## WORK ORDER
Copy the closing run of lines, from the one with "2015秋冬新款女裝批發 中長款格紋毛呢外套 淘寶一件代發 /" through the last line of the listing, exactly and without any pictures.

## SOURCE INFORMATION
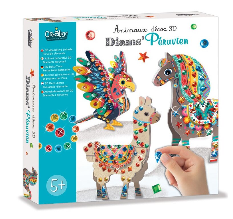 Jedinečná kreatívna súprava s diamantovými nálepkami a 3D zvieratkami od francúzskej značky Crea Lign je vhodná pre deti od 5 rokov. Obsahuje 3 zvieratká na zostavenie a 495 diamantových nálepiek. Deti si najskôr zostavia figúrky zvieratiek, a potom si ich krásne vyzdobia nalepovacími kamienkami. Po dokončení si ich vystaví ako dekoráciu.
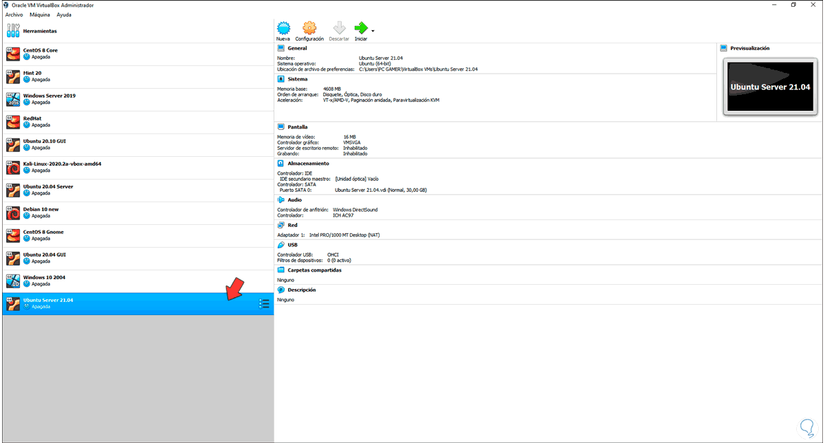 Cómo instalar Ubuntu Server 21.04 en VirtualBox
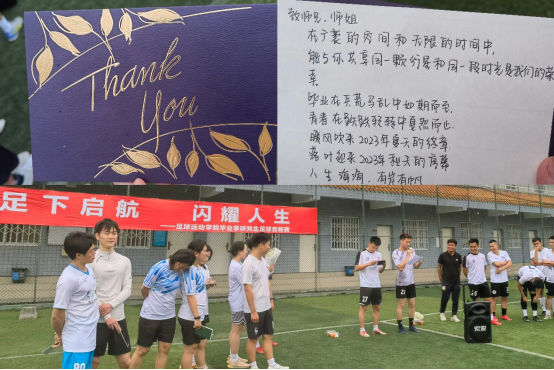 研究生足球告别赛,是每年毕业季为研究生举办的一场足球盛宴,今年的告别赛,在“师兄师姐我想对你说”环节,各导师组在校研究生通过书信的方式表达了自己对毕业师兄师姐的美好祝福。进入告别赛,在校研究生在中线列队欢迎研三队员入场,比赛过程中,一个个巧妙的配合和精彩的现场解说引得全场沸腾,告别赛在愉快、美好中结束,也为他们三年的研究生学习生涯,画上圆满的句号。
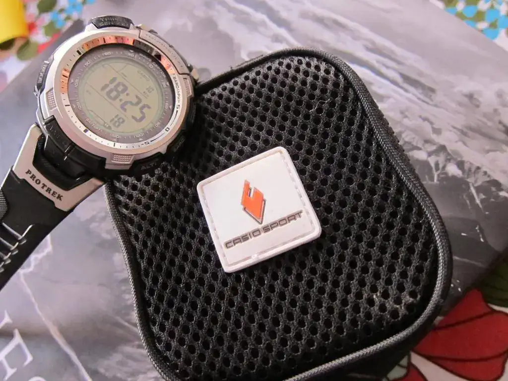 Caja:SI. La caja es una bolsa de viaje negra aconchada Casio Sport (es la caja original). Se vé en alguna foto.
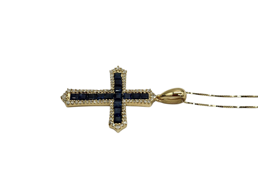 Shine with this new Sapphire and Diamond Cross Pendant, adorned with princess cut sapphires and a border of round diamonds. Paired with a 14k yellow gold chain, this piece is a heavenly addition to any outfit. Bless up.
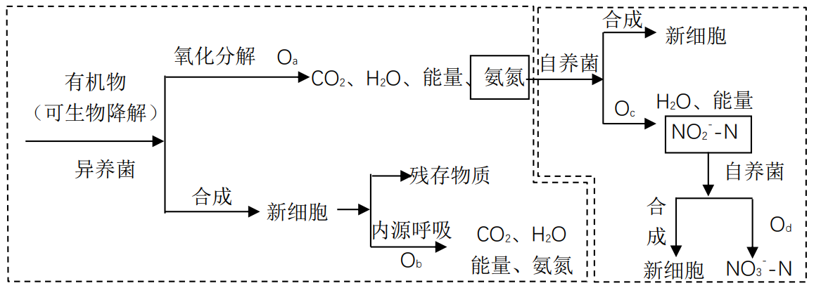)。在对废水进行生化法处理时,氨氮不仅能够向微生物提供营养,而且能够对废水的pH值起缓冲作用。总氮和凯氏氮之差值约等于硝态氮的量,凯氏氮与氨氮之差值约等于有机氮的量。你能根据上述文字对含氮物质在水中不同形式之间的关系进行梳理吗?
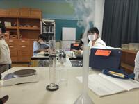 6年生理科で火山の噴火を実現しました。薬品は過酸化水素水と二酸化マンガンです。
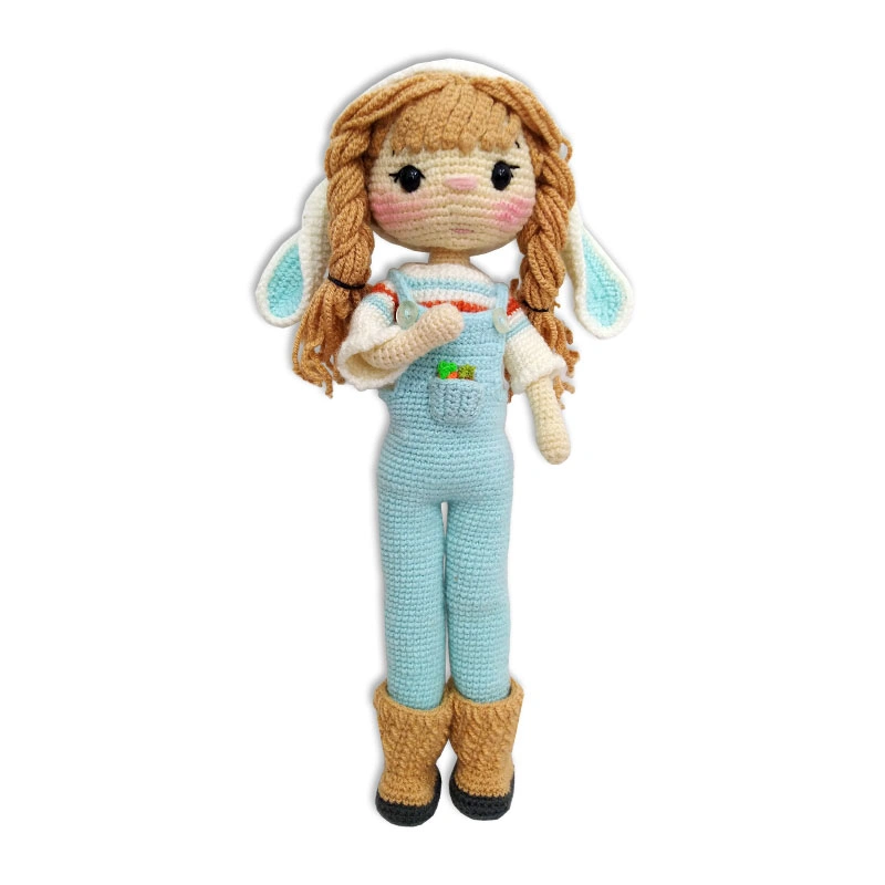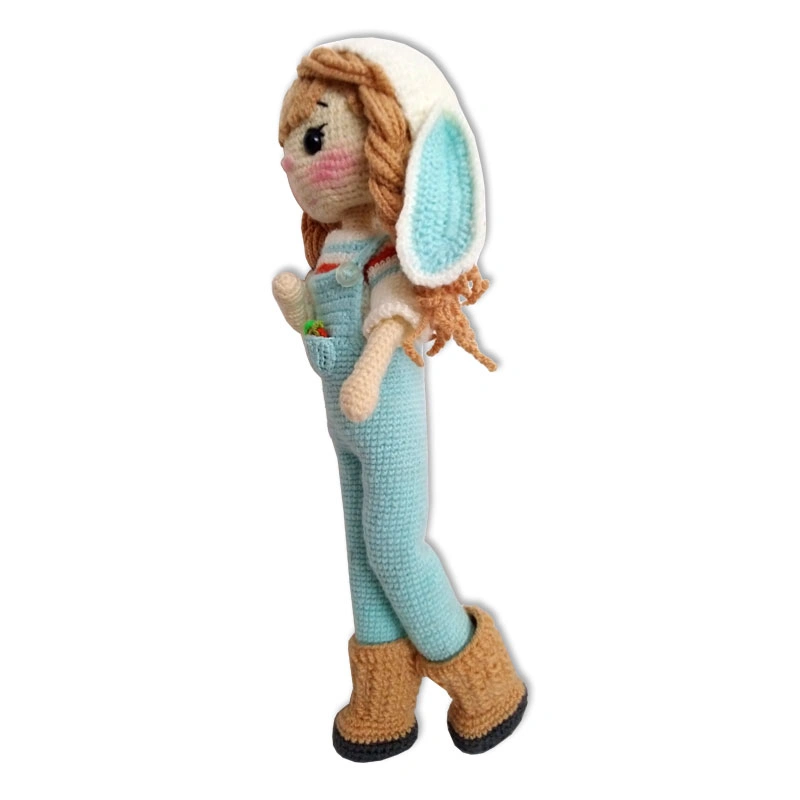 » در این عروسک، کلاه ، بلوز، چکمه ، شلوار سرهمی و حتی هویج های کوچولو تو جیب لباس، قابلیت تعویض دارند.
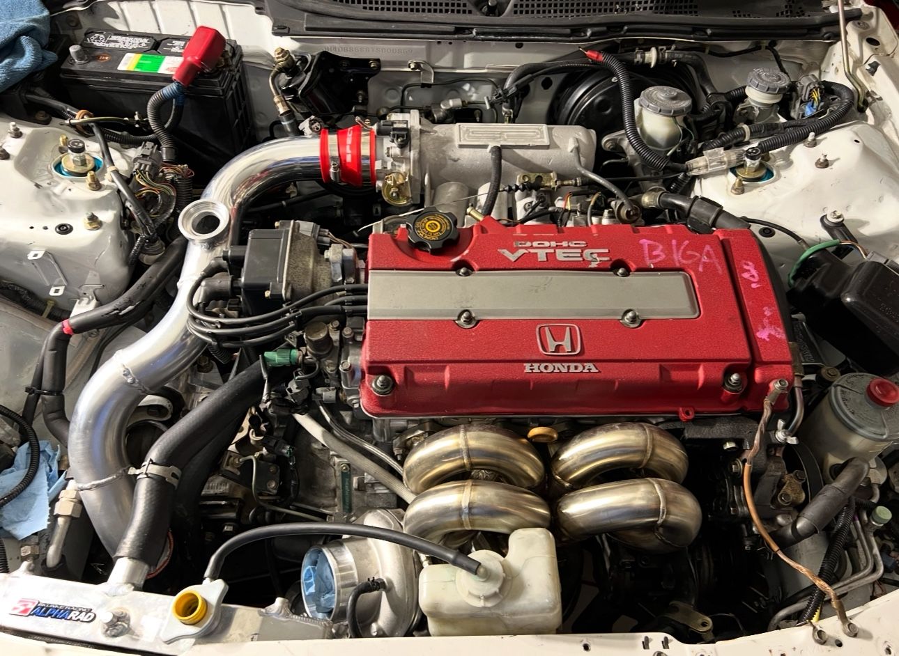 Integra turbo setup for sale no motor. Motor sold separately. It’s still in vehicle will be taken off car soon. Parting out selling car. Turbo made 330hp on crome chip less than 1000 miles on it. AC and PS capable. What included: Borg Warner EFR-7064 Turbo B2 0.83 A/R Undivided T3 (Internal WG), Cast Iron, 3" EFR V-Band Flange. 1320 Performance B SERIES AC COMPATIBLE TURBO MANIFOLD RAMHORN 3” custome down pipe, custom intercooler piping. 1000cc Bosh high impedance injector don’t need resistor box. PO6 crome chip ecu
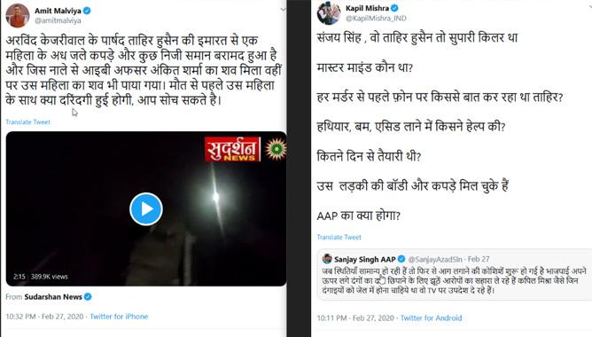 ‘പെണ്കുട്ടിയെ താഹിര് ഹുസൈന്റെ വീട്ടിലേക്ക് വലിച്ചിഴച്ചുകൊണ്ടുവന്നുവെന്നും കൊലപ്പെടുത്തിയശേഷം മൃതദേഹം അഴുക്കുചാലില് ഉപേക്ഷിക്കുകയായിരുന്നെന്നും സാക്ഷി വീഡിയോയില് പറയുന്നുണ്ട്. പെണ്കുട്ടിയുടെ കത്തിക്കരിഞ്ഞ വസ്ത്രങ്ങളും ബാഗും ദൃശ്യങ്ങളില് കാണിക്കുന്നുണ്ട്. ഫെബ്രുവരി 27 ന് പൊലീസ് കണ്ടെത്തിയ മരിച്ച നിലയില് കണ്ടെത്തിയ പെണ്കുട്ടിയുടേതാണ് ഇതെല്ലാം എന്നാണ് റിപ്പോര്ട്ടറും സാക്ഷിയും പറയുന്നത്.
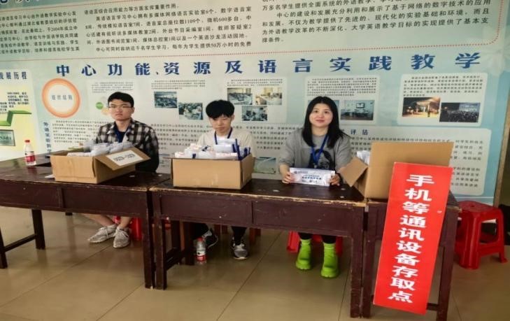 考生入场前,考生手机统一存放在手机存取处,并核对考生信息及身份证的准确性,只有核验无误的考生方可入场进行考试。考试期间,监考和考务人员严守考试规章制度,规范操作,确保考试的平稳有序进行。全体考生遵守规则,诚信考试,展现了良好的考风。
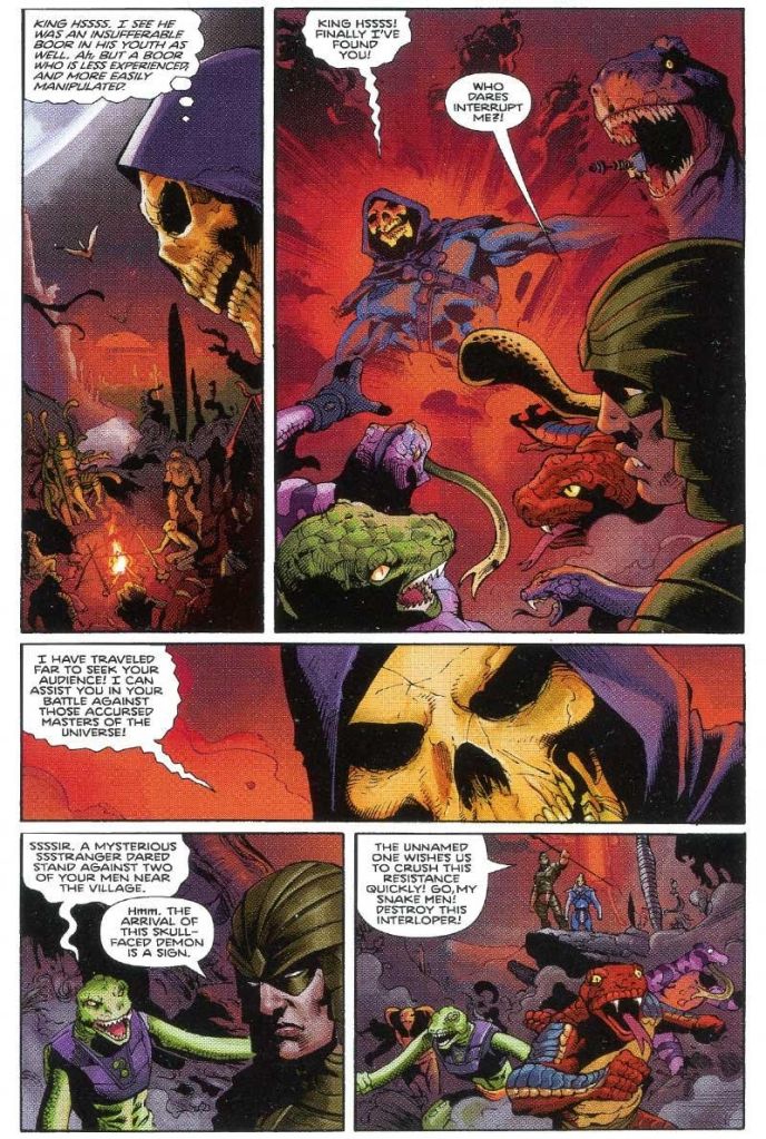 Ever the cunning one, Skeletor plots to undo his old master and stomp his boot happily into the face of King Hiss. After all, King Hiss has, at this point, driven Skeletor from his throne at Snake Mountain and claimed ownership back from him. We’re not told how that happened in the comics but it was explored in the 200X cartoon. So Skeletor is on a personal mission for revenge.
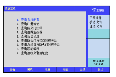 見7.1.8;選擇9:查詢接收火警地址段,見7.1.9。
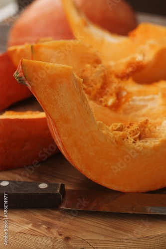 fresh, ripe, pumpkin, wood, table, vegetable, garden, orange, diet, vitamin, autumn, season, halloween, juice, soup, food, fruit, slice, healthy, squash, yellow, cut, raw, white, nourishment, vegetarian, sweet, closeup, baked, organic, meal, seed, seed
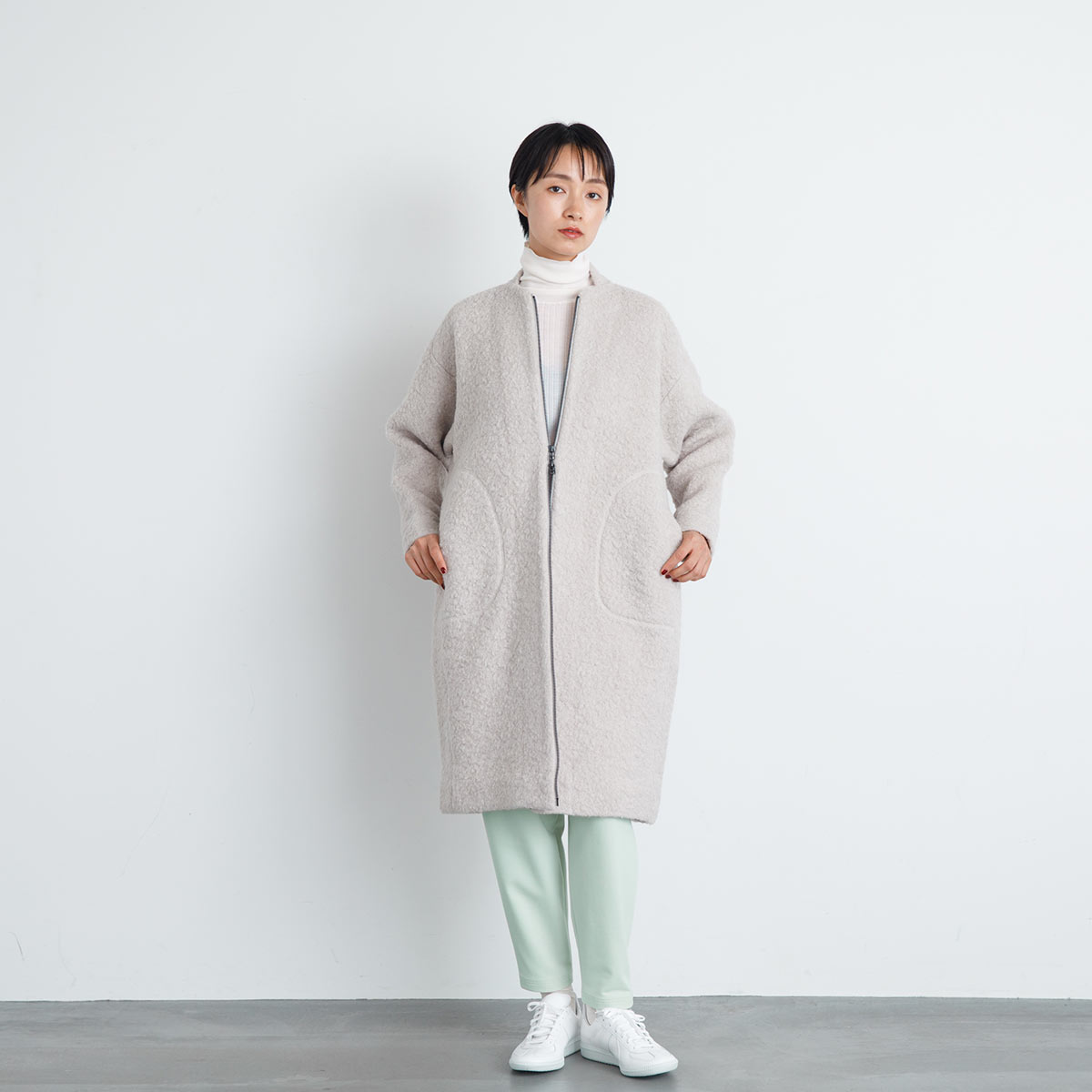 ループインレー圧縮ニットコート(オフホワイト)/RaPPELER
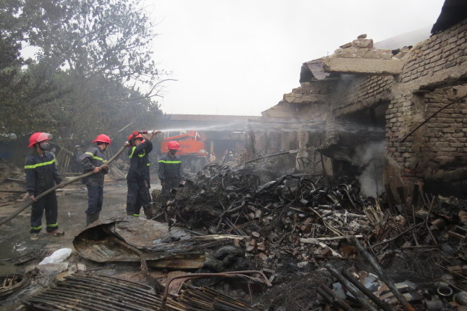 24 gian hàng bị thiêu rụi trong vụ cháy chợ Ba Đồn, ước tính thiệt hại khoảng 50 tỷ đồng. Ảnh Tuổi trẻ. |
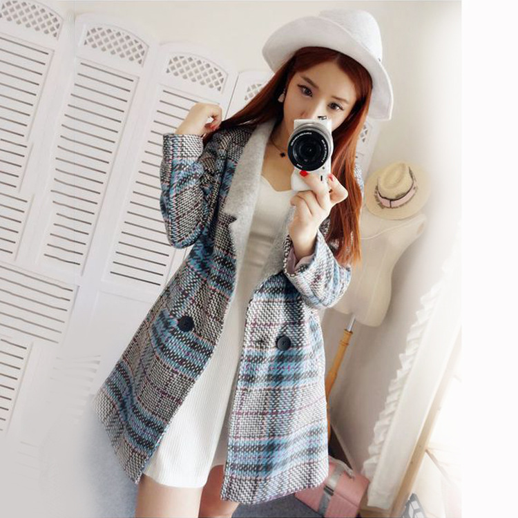 2015秋冬新款女裝批發 中長款格紋毛呢外套 淘寶一件代發 /
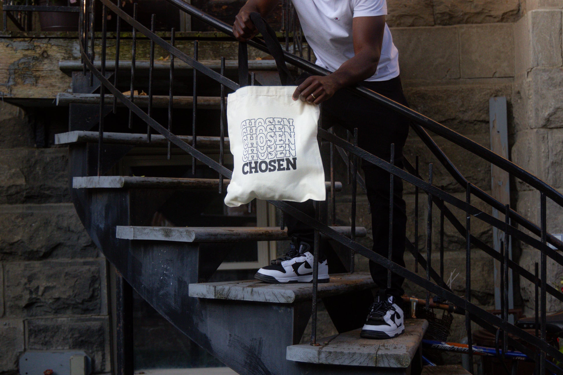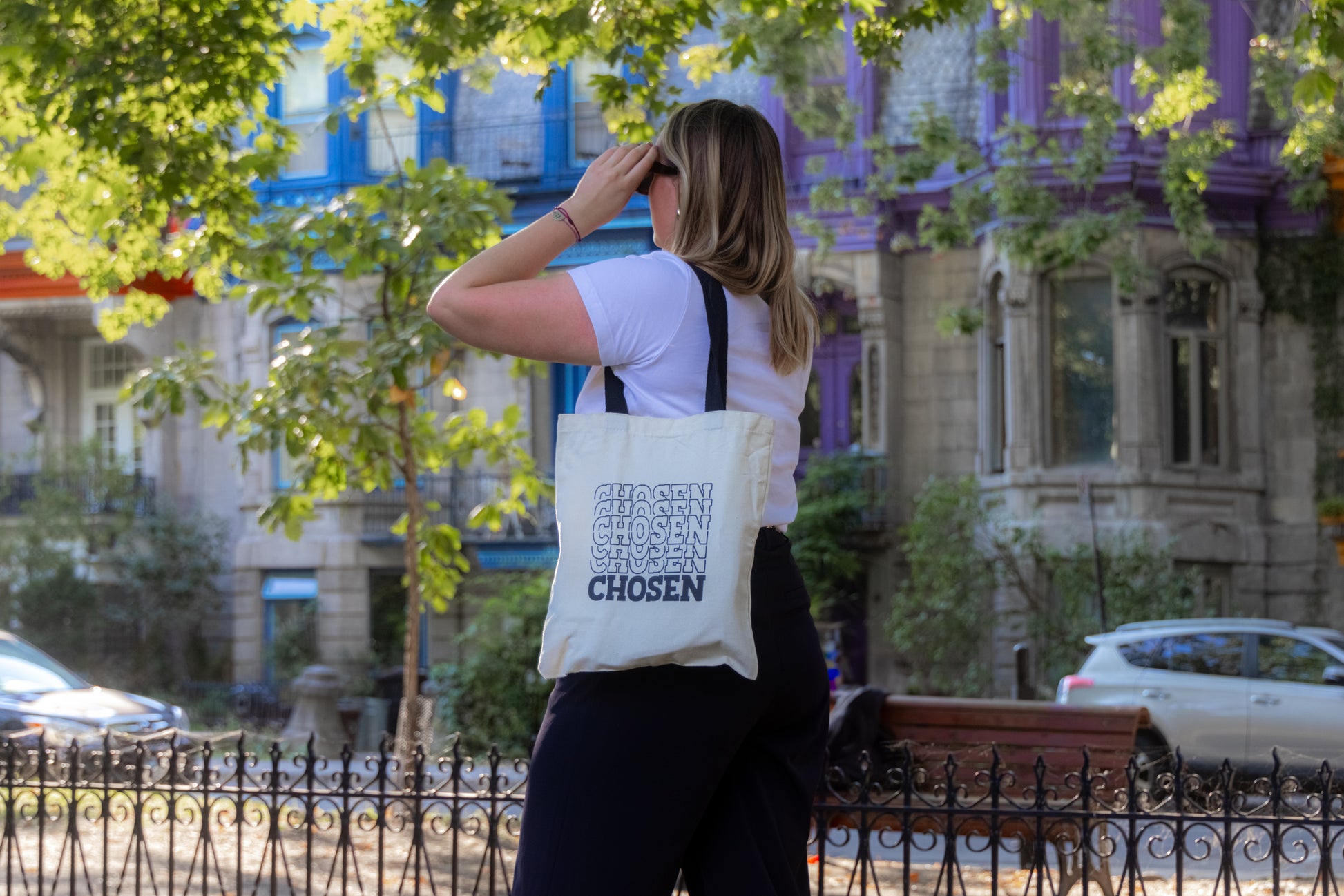 Imaginez un tote bag simple, appelé "CHOSEN". Ce sac est plus qu'un accessoire pratique; il est un rappel constant de votre valeur et de votre appartenance.

## ANSWER FOR THIS EXERCISE
 2015秋冬新款女裝批發 中長款格紋毛呢外套 淘寶一件代發 /
 Imaginez un tote bag simple, appelé "CHOSEN". Ce sac est plus qu'un accessoire pratique; il est un rappel constant de votre valeur et de votre appartenance.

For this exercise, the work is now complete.